→ **TASK DATA**:
■ ■ ■
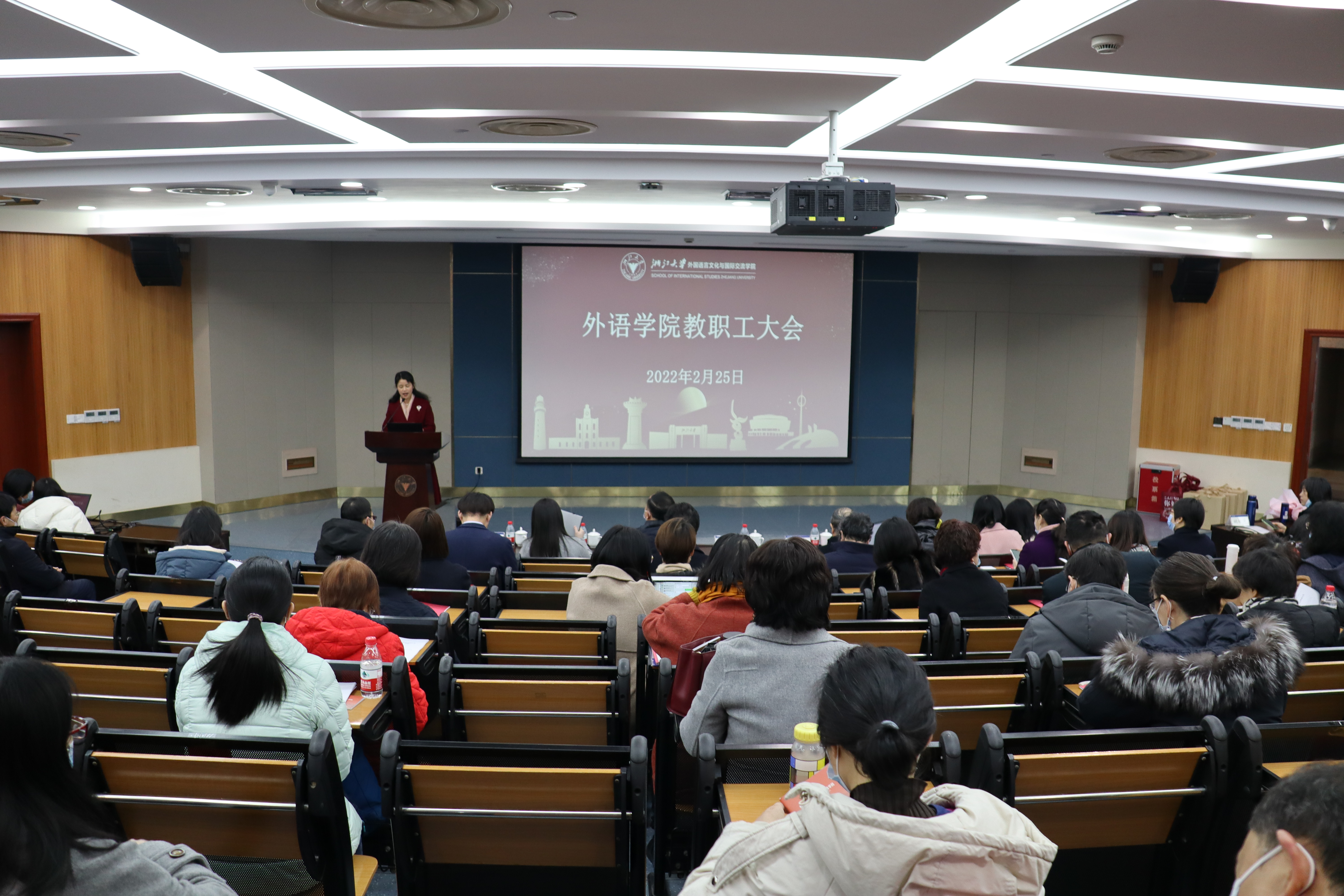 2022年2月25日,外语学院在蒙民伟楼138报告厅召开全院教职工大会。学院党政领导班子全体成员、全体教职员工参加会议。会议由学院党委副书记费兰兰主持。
■ ■ ■
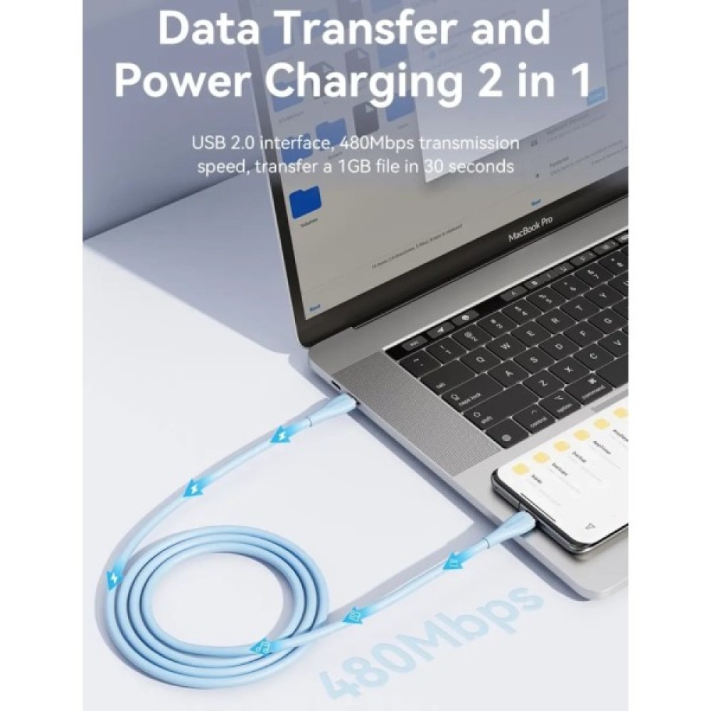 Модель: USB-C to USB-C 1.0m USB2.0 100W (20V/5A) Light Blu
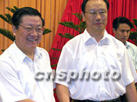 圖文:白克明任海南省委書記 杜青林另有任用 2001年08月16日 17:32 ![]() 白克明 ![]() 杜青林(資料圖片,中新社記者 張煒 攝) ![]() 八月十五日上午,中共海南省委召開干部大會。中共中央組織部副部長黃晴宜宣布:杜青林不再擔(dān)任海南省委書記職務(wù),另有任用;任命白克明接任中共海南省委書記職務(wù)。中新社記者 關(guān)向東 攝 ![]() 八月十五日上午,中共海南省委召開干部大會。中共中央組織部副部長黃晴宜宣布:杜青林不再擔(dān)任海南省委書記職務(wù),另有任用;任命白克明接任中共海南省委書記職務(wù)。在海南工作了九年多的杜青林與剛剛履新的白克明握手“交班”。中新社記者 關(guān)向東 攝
■ ■ ■
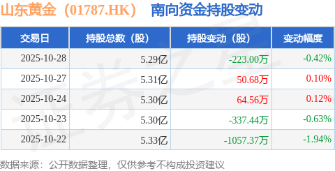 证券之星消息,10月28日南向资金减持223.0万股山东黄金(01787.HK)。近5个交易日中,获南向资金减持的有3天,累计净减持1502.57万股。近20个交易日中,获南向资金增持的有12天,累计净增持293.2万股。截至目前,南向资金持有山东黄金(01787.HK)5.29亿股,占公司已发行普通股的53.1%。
■ ■ ■
→ **WHAT THE TASK ASKS**: Between and including the line with "Модель: USB-C to" and the line with "圖文:白克明任海南省委書記 杜青林另有任用 2001年08月16日", repeat every line exactly as it appears above, with pictures left out.

→ **EXERCISE SOLUTION**:
 Модель: USB-C to USB-C 1.0m USB2.0 100W (20V/5A) Light Blu
 圖文:白克明任海南省委書記 杜青林另有任用 2001年08月16日 17:32 ![]() 白克明 ![]() 杜青林(資料圖片,中新社記者 張煒 攝) ![]() 八月十五日上午,中共海南省委召開干部大會。中共中央組織部副部長黃晴宜宣布:杜青林不再擔(dān)任海南省委書記職務(wù),另有任用;任命白克明接任中共海南省委書記職務(wù)。中新社記者 關(guān)向東 攝 ![]() 八月十五日上午,中共海南省委召開干部大會。中共中央組織部副部長黃晴宜宣布:杜青林不再擔(dān)任海南省委書記職務(wù),另有任用;任命白克明接任中共海南省委書記職務(wù)。在海南工作了九年多的杜青林與剛剛履新的白克明握手“交班”。中新社記者 關(guān)向東 攝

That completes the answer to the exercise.